Are messages lost, or are they kept in a temporary place until the target Gelf host is available again?

I am using logstash 1.3.3 on RHEL 6 (and I cannot switch to a newer version).

Thank you.

If an output is down Logstash halts the whole pipeline. Whether this causes you to lose messages depends on your inputs. Any UDP messages will be dropped, but file inputs are okay, as are TCP inputs as long as the sending party treats interruptions gracefully.

Hi, well the only input is syslogng via tcp, so if I understand correctly messages should not be lost, right?
As far as I know syslog-ng will hold any pending messages.

So... logstash checks the availability of the output before accepting any messages from the input?
If this is not the case, what happens if a messages has been received but then the output is not available?

Thank you very much.

Hi, well the only input is syslogng via tcp, so if I understand correctly messages should not be lost, right?
As far as I know syslog-ng will hold any pending messages.

I'm not familiar with syslog-ng's behavior in those cases. It obviously also depends on the duration of the Logstash outage.

So... logstash checks the availability of the output before accepting any messages from the input?
If this is not the case, what happens if a messages has been received but then the output is not available?

Logstash has an internal queue of 20 items. If the queue is full, inputs that want to submit message block. For file inputs this simply means that they stop reading from the input file, and for TCP and UDP inputs it eventually means that they'll stop accepting connections/messages.
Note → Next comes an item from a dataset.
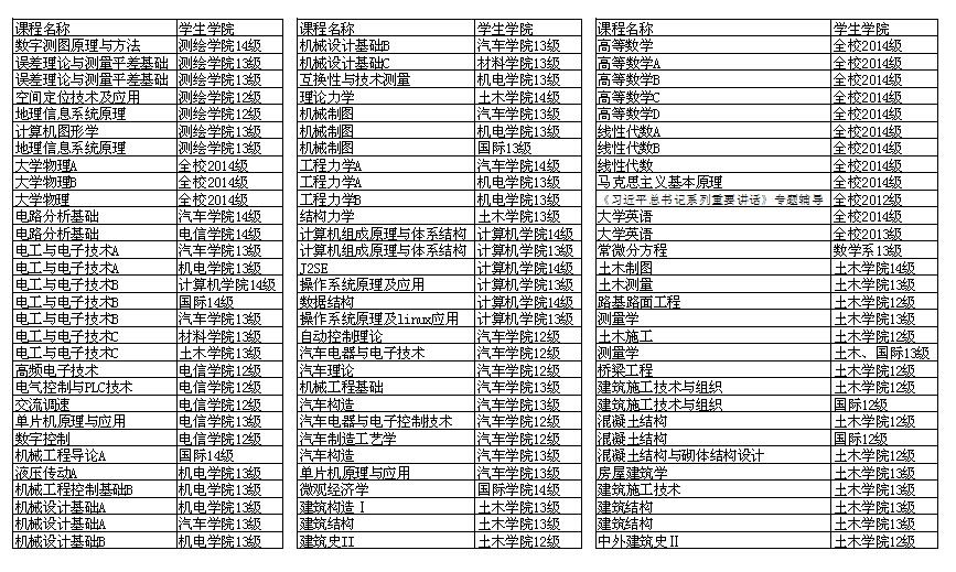 1. 2014-2015学年第二学期开设的理论课程,经期初补考后仍未通过,且在本学期可开班(插班)重修的课程,需进行重修网上报名(可报名重修课程见表一,可报名学生名单可到学生所在院、系办公室查询);

Items already in the queue will eventually be flushed, unless Logstash is shut down. If that happens the queued messages will be lost.

Thank you, this point is very useful to know.
What I was trying to understand is whether a service restart of the full logstash+graylog stack can cause the loss of incoming messages.
So I now see it's better if I first stop logstash, then stop graylog etc., then restart graylog etc. and at last restart logstash.